The binding of leukocytes to vascular endothelium and their migration into tissues is mediated by adhesion molecules on the endothelial cells and leukocytes. Vascular adhesion protein-1 (VAP-1) is a 170-180/90-kDa endothelial molecule expressed most prominently in high endothelial venules in peripheral lymph node (PLN) type lymphatic tissues. VAP-1 mediates lymphocyte binding to PLN, tonsil and synovium. The expression of VAP-1 is induced in inflammatory diseases such as arthritis and gut inflammation. We examined the expression, structure and function of VAP-1 in normal and inflamed skin and compared it to those of other adhesion molecules implicated in skin homing. In psoriasis lichen ruber planus, pemphigoid and allergic lesions, VAP-1 was markedly upregulated. The expression of VAP-1 was also increased in biopsies of healthy skin of the patients. The VAP-1 molecule induced in skin is decorated with abundant sialic acids.

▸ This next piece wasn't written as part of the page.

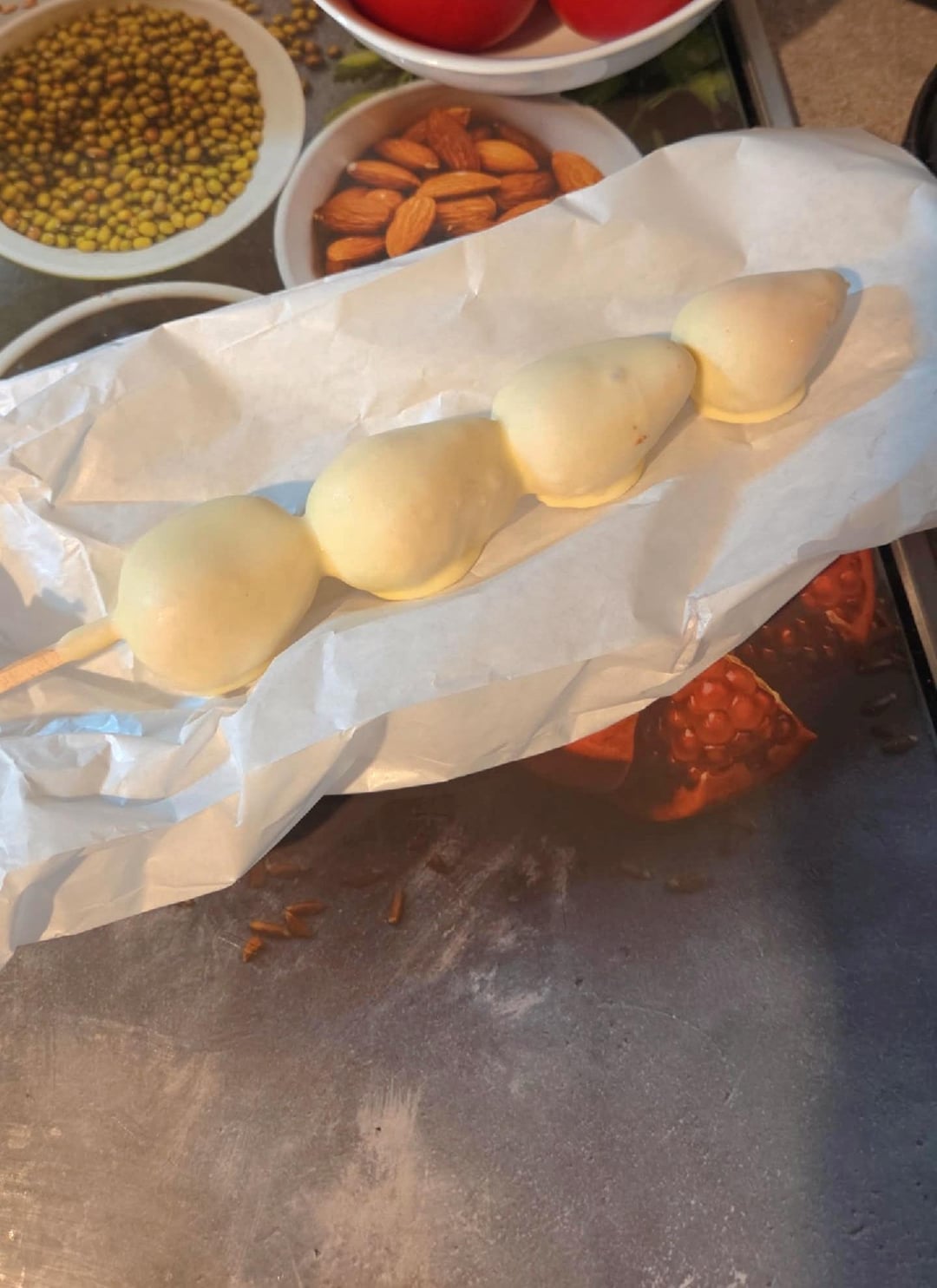 133gby livisaa11 1 Comment Euronymxus 3 days ago 5 average strawberries weighs about 65grams 22 calories 67 grams of white chocolate 370 calories total calories = 390-400

VAP-1 inflamed skin is functional, since inhibition with anti-VAP-1 monoclonal antibodies caused a 60% reduction in lymphocytes adhesion to vascular endothelium. Antibodies against E-selectin, which has been regarded as the major vascular addressin directing cutaneous lymphocyte traffic, and, surprisingly, against peripheral lymph node addressin (PNAd), caused inhibitions of 30% and 60%, respectively, in the frozen section adhesion assay. These findings suggest important roles also for VAP-1 and PNAd in lymphocyte homing into inflamed skin.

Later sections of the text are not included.